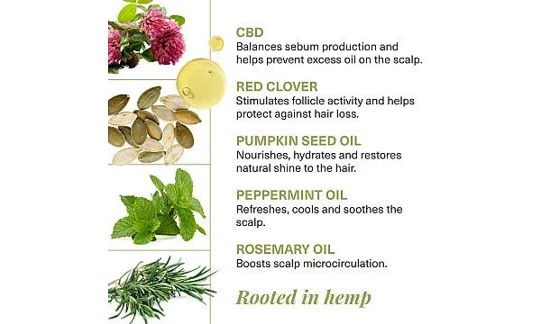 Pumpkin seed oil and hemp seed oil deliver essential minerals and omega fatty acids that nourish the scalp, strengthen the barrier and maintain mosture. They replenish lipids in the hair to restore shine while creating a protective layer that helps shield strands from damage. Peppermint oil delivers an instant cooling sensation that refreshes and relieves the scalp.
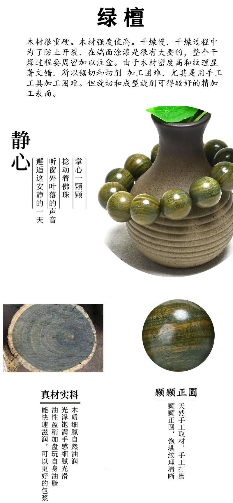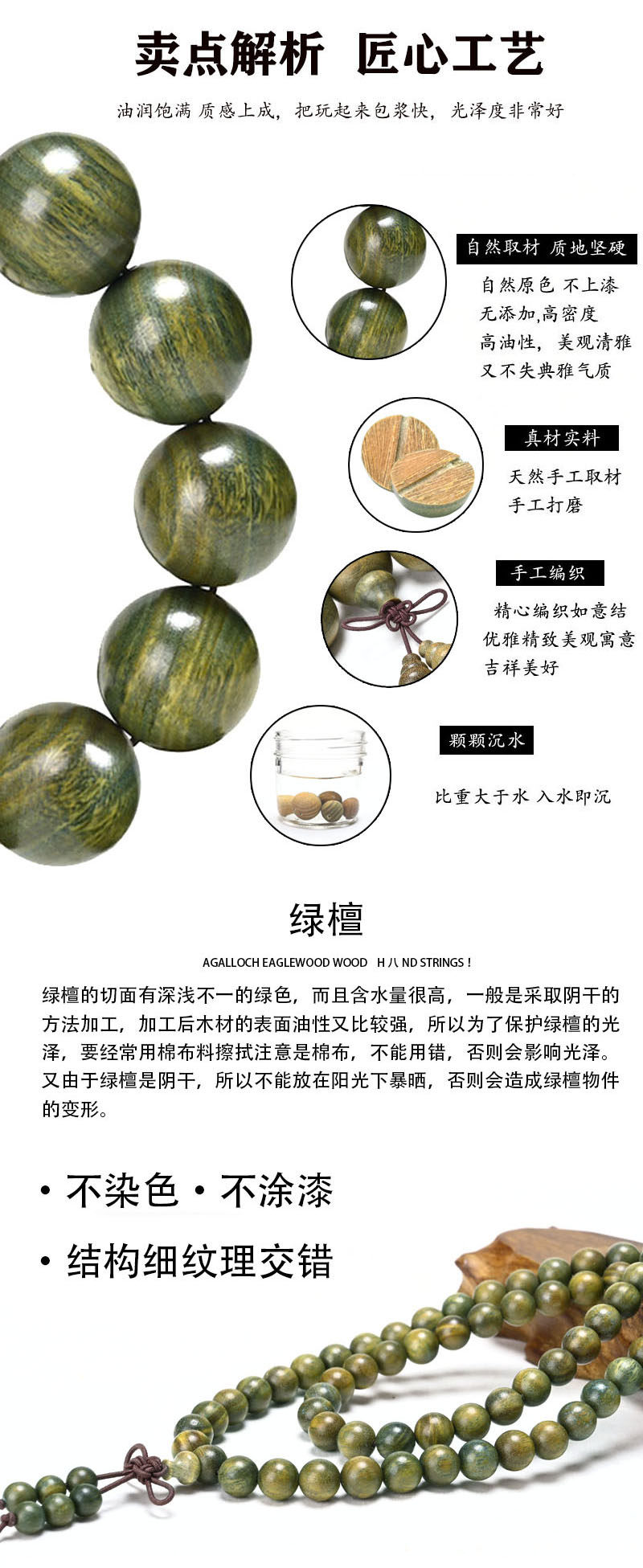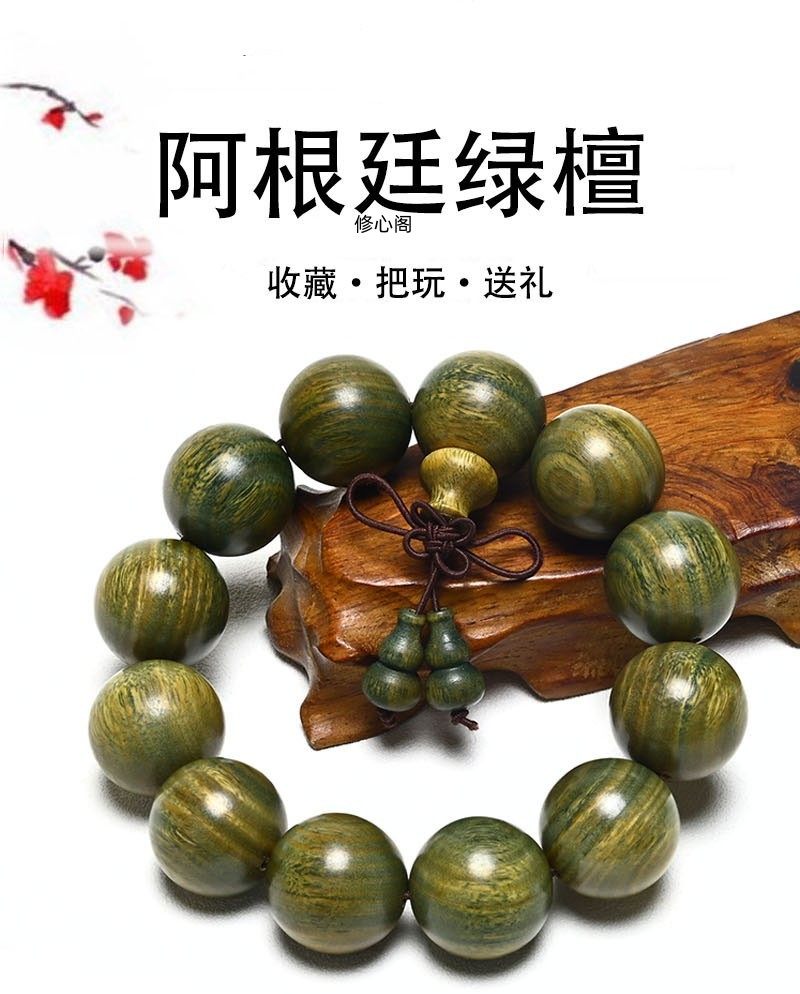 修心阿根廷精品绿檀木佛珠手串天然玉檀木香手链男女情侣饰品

::::::::

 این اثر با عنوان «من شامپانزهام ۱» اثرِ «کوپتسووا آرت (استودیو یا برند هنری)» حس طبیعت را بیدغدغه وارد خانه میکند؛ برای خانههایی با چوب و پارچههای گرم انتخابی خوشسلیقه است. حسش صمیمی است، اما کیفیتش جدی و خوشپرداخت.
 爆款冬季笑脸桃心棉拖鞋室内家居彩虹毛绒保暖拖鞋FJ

::::::::

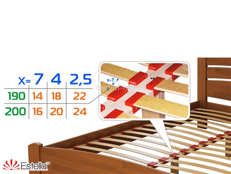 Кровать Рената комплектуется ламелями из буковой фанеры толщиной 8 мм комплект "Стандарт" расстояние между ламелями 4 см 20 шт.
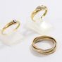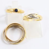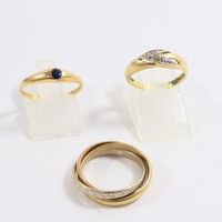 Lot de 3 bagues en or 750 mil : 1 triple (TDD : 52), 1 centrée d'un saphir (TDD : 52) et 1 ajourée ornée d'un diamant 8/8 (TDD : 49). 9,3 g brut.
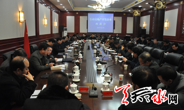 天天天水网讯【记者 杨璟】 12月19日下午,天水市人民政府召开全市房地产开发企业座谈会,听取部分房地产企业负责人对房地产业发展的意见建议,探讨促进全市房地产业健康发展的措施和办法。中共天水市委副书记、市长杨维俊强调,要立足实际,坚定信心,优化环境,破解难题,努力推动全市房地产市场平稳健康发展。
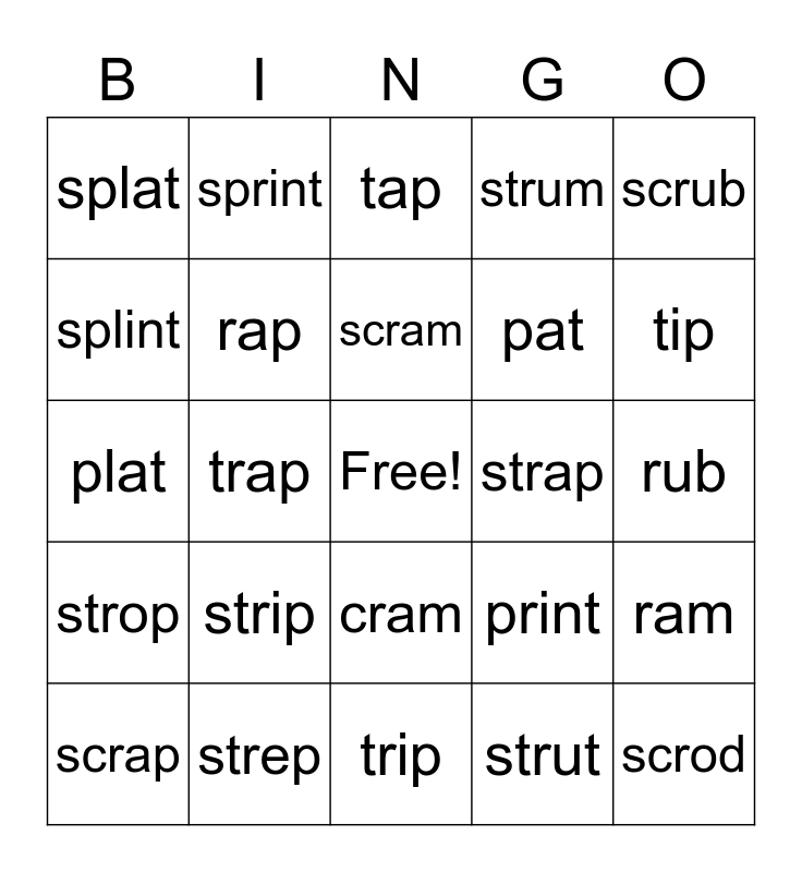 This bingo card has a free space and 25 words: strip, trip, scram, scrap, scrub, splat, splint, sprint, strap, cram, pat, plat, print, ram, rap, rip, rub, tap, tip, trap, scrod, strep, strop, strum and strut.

::::::::

Your task >>
Print the lines above from the one with "این اثر با عنوان" through the one with "爆款冬季笑脸桃心棉拖鞋室内家居彩虹毛绒保暖拖鞋FJ", both included, exactly as written and nothing more.

The answer >>
 این اثر با عنوان «من شامپانزهام ۱» اثرِ «کوپتسووا آرت (استودیو یا برند هنری)» حس طبیعت را بیدغدغه وارد خانه میکند؛ برای خانههایی با چوب و پارچههای گرم انتخابی خوشسلیقه است. حسش صمیمی است، اما کیفیتش جدی و خوشپرداخت.
 爆款冬季笑脸桃心棉拖鞋室内家居彩虹毛绒保暖拖鞋FJ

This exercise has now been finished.